Call for Papers: On Strikes and Critical Theory
Abstracts (400 words) are due on October 15, 2020, and those invited to submit full papers for peer review will have a May 1, 2021 deadline for paper submission.
Articles should be approximately 10,000 words, including notes; shorter contributions should be 2,000-5,000 words, including notes. Inquiries and submissions should be sent to Susana Draper or Samera Esmeir at CFPcriticaltimes@berkeley.edu.
Modern labor strikes became a strategy of the working class with the onset of the industrial revolution, and they have been deployed since to both revolutionary and reformist ends. But much has changed in the practice of strikes since the period of their modern intertwinement with wage labor. Worldwide, there are many strikes today that betray novel logics and stage new political practices. In recent years, a transformation of the political and conceptual landscape of the word “strike” has taken place; new strikes draw on and depart from the more traditional senses of the word, which has been historically linked to wage labor. In Latin America, recent feminist strikes have focused on questions of social reproduction, debt, unwaged labor, and gender violence. In the U.S. and France, immigrants and other racialized communities have organized strikes under the title “A Day Without Us.” In the Middle East and South Asia, there have been revolutionary strikes, but also hunger and prison strikes, as well as strikes for bread. Worldwide, youth and indigenous communities have organized around the idea of a global climate strike, and students have been striking against tuition hikes or for free education. Meanwhile, from East Asia to Africa, many forms of traditional labor strikes continue to take place. These various strikes have not necessarily belonged only to organizing on the left; some strikes are detached from any form of traditional progressive politics, and others are declared by state authorities in order to prevent public gatherings and protests. The strike, in other words, has become an organizing concept for a range of distinct political actions in a changed world.

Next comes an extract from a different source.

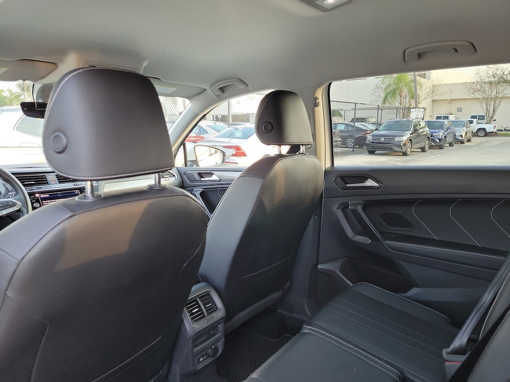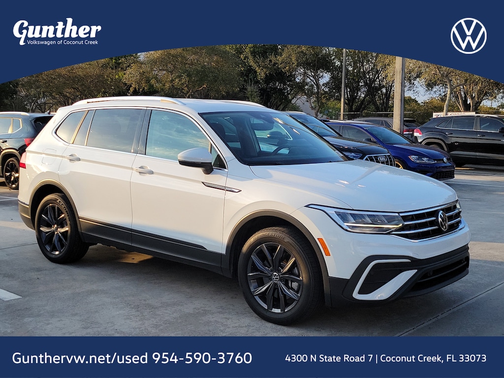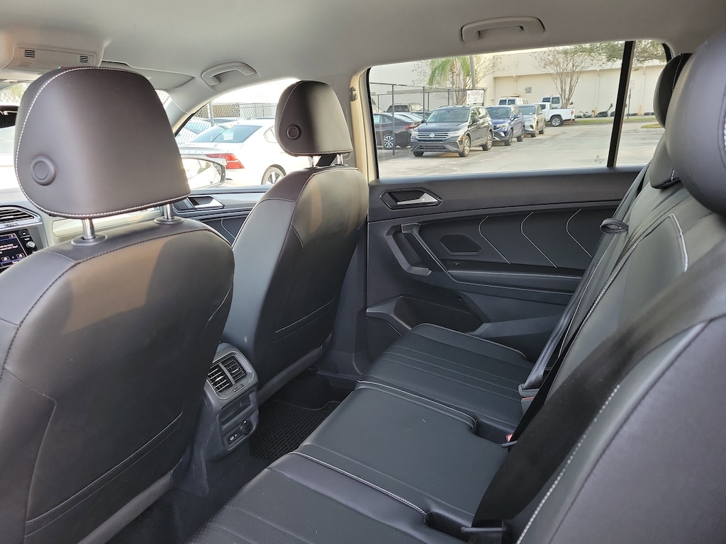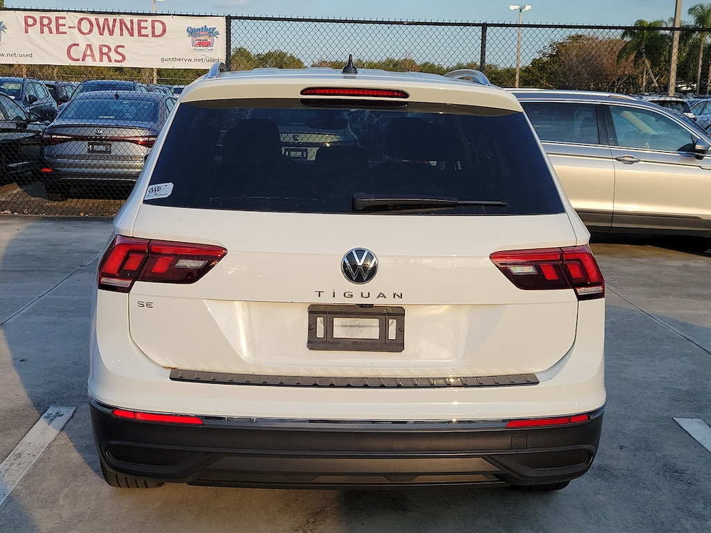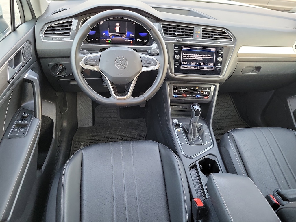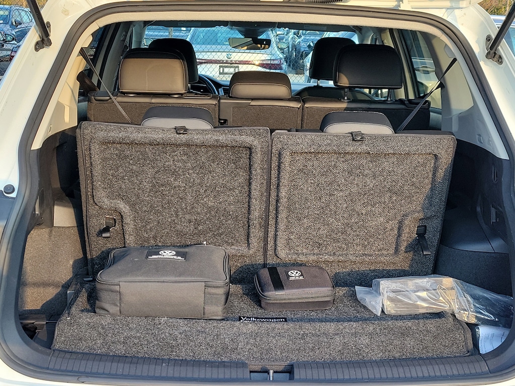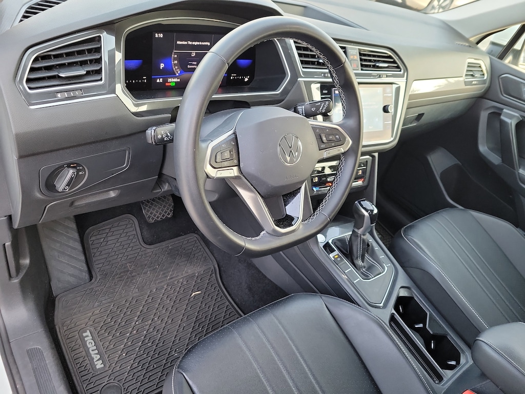 CARFAX One-Owner. Pure White 2022 Volkswagen Tiguan 2.0T SE 2.0L TSI DOHC 8-Speed Automatic with Tiptronic FWD 3.33 Axle Ratio, 3rd row seats: bench, 4-Wheel Disc Brakes, 4-Wheel Independent Suspension, 6 Speakers, ABS brakes, Air Conditioning, Alloy wheels, AM/FM radio: SiriusXM with 360L, Auto-dimming Rear-View mirror, Automatic temperature control, Brake assist, Bumpers: body-color, Compass, Delay-off headlights, Driver door bin, Driver vanity mirror, Dual front impact airbags, Dual front side impact airbags, Electronic Stability Control, Emergency communication system: Car-Net, Exterior Parking Camera Rear, Four wheel independent suspension, Front anti-roll bar, Front Bucket Seats, Front Center Armrest, Front dual zone A/C, Front reading lights, Fully automatic headlights, Heated door mirrors, Heated Front Comfort Seats, Heated front seats, Illuminated entry, Leather Shift Knob, Low tire pressure warning, Occupant sensing airbag, Outside temperature display, Overhead airbag, Overhead console, Panic alarm, Passenger door bin, Passenger vanity mirror, Perforated V-Tex Leatherette Seating Surfaces, Power door mirrors, Power driver seat, Power Liftgate, Power steering, Power windows, Radio data system, Radio: MIB3 Composition Media AM/FM/HD, Rain sensing wipers, Rear anti-roll bar, Rear reading lights, Rear seat center armrest, Rear window defroster, Rear window wiper, Remote keyless entry, Roof rack: rails only, Security system, Speed control, Speed-sensing steering, Split folding rear seat, Spoiler, Steering wheel mounted audio controls, Tachometer, Telescoping steering wheel, Tilt steering wheel, Traction control, Trip computer, Turn signal indicator mirrors, Variably intermittent wipers, and Wheels: 18" Dark Graphite 10-Spoke Alloy.

This special issue of Critical Times aims to explore contemporary strike actions as they draw on and depart from the longer inheritance of political strikes or of proletarian or revolutionary general strikes (to deploy Georges Sorel’s and Walter Benjamin’s distinction). We invite submissions that aim to contribute to the critical theory of strikes by considering strike actions from different corners of the world that are not necessarily tied to wage labor. We particularly welcome philosophical/theoretical contributions that are also grounded in concrete strike practices and actions.
How is the proliferation of contemporary strikes to be apprehended? What kind of political practice do these strikes initiate? What work does the word “strike” continue to do today in different languages? And how do we explain the word’s use to describe an ever greater number of actions that were previously conceptualized otherwise? How does calling an action a strike inflect the action itself? If the industrial world that originally gave political meaning to strikes has been restructured by other capitalist logics, including neoliberalism, what are the experiences and horizons that give meaning to strikes, including traditional strikes, today? What political possibilities do new kinds of strikes offer in a world in which the political spaces of collective organization have been shrinking? What forms of life, injustice, and oppression do these strikes make legible? Are we witnessing a new formation of the strike, one that is the product of our times even as it continues to operate under a centuries-old organizing concept? Is the language of success or failure adequate to assess these contemporary actions, or do these strikes call for political vocabularies that move beyond the grammars of instrumental politics? Might contemporary strikes uncover both the limitations and the possibilities of previous strikes? Finally, how would a critical theory of our times reflect on this moment of strike-action? And what do contemporary strikes reveal about our particular historical-political juncture?
These are some of the questions that we would like to address in this special issue of Critical Times. We invite full-length scholarly essays as well as shorter contributions that report and reflect on particular strikes. We also invite shorter theoretical reflections on the status of strikes today.